Predict doublets in a Seurat object
PredictDoublets.Rd
Predict doublets in a Seurat object by simulating doublets. Doublet detection can be used to identify cell-cell aggregates or technical doublet artefacts in single-cell omics data.
Both real and simulated cells are used to perform PCA and a nearest neighbor search is performed to find the number of doublets in the neighborhood of each cell. The expected doublet rate is calculated based on the simulation rate and the number of nearest neighbors. A binomial test is performed to test if the number of doublets in the neighborhood of each cell is significantly different from the expected doublet rate. The algorithm is inspired by the DoubletFinder algorithm by McGinnis et al. (2019).
This method of doublet detection assumes that a doublet attains a composite identity of the two cells that form it, i.e. that a doublet constitutes the sum of its parts. This may not always the case, as cell-cell aggregates could have molecular profiles that are different from the two cells that form them.
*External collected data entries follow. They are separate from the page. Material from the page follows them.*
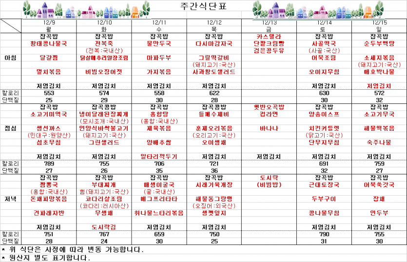 12월 2째주 주간식단표 페이지 정보 작성자 김선희 댓글 0건 조회 2,836회 작성일 24-12-06 09:01 목록 본문 13일(금)은 식당 조리실 보수공사로 조리가 불가 하여 부득이 대체 식으로 지원합니다. 이전글12월 3째주 주간식단표 24.12.13 다음글12월 1째주 주간식단표 24.11.29 댓글 0 댓글목록 등록된 댓글이 없습니다.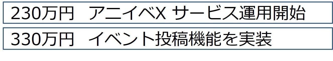 ▶第2目標金額3,300,000円「アニイベXへユーザーによるイベント投稿機能を実装」
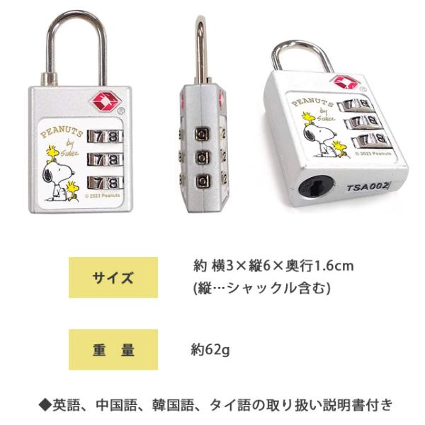 スヌーピー 南京錠 ダイヤル式 TSA 3ダイヤルロック 3桁 鍵 TSAロック 海外旅行 旅行グッズ トラベル ポスト ロッカー キャラクター 5点迄メール便OK(va1a378)
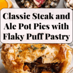 Tender beef stew meat simmered in a rich ale-based sauce with aromatic vegetables and herbs, topped with flaky puff pastry to create comforting individual steak and ale pot pies. Perfect for chilly days, these hearty pies combine the depth of slow-cooked beef with the light crispness of baked pastry.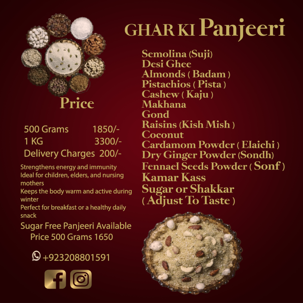 Freshly prepared with care, our 100% homemade Panjeeri is a wholesome blend of fine semolina (Suji), pure desi ghee, and premium dry fruits.👏

Furthermore, if the two cells that form a doublet are of the same or similar identity, the doublet may not be detected as a doublet. This is a limitation of the method and should be taken into account when interpreting the results.
Usage
PredictDoublets(object, ...)
# S3 method for class 'Matrix'
PredictDoublets(
object,
ref_cells1 = NULL,
ref_cells2 = NULL,
simulation_rate = 3,
n_neighbor = 100,
npcs = 10,
p_adjust_method = "BH",
p_threshold = 0.01,
seed = 37,
verbose = TRUE,
...
)
# S3 method for class 'Seurat'
PredictDoublets(
object,
ref_cells1 = NULL,
ref_cells2 = NULL,
simulation_rate = 3,
n_neighbor = 100,
npcs = 10,
p_adjust_method = "BH",
p_threshold = 0.01,
seed = 37,
assay = NULL,
layer = "counts",
verbose = TRUE,
...
)
Arguments
- object
A
Seurat
object or a count matrix.- ...
Additional arguments. Currently not used.
- ref_cells1, ref_cells2
A character vector with cell names or indices to use as the first and second reference populations. If NULL, all cells are used.
- simulation_rate
The rate of doublets to simulate. E.g. 3 means that for each real cell, 3 doublets are simulated.
- n_neighbor
The number of nearest neighbors to use for the doublet prediction. Default is 100.
- npcs
The number of principal components to use for PCA. Default is 10.
- p_adjust_method
The p-value adjustment method to use. Default is "BH".
- p_threshold
The p-value threshold to use. Default is 0.01.
- seed
The seed to use for reproducibility.
- verbose
Print messages.
- assay
A character with the name of the assay to use.
- layer
A character with the name of the layer to use. Default is "counts".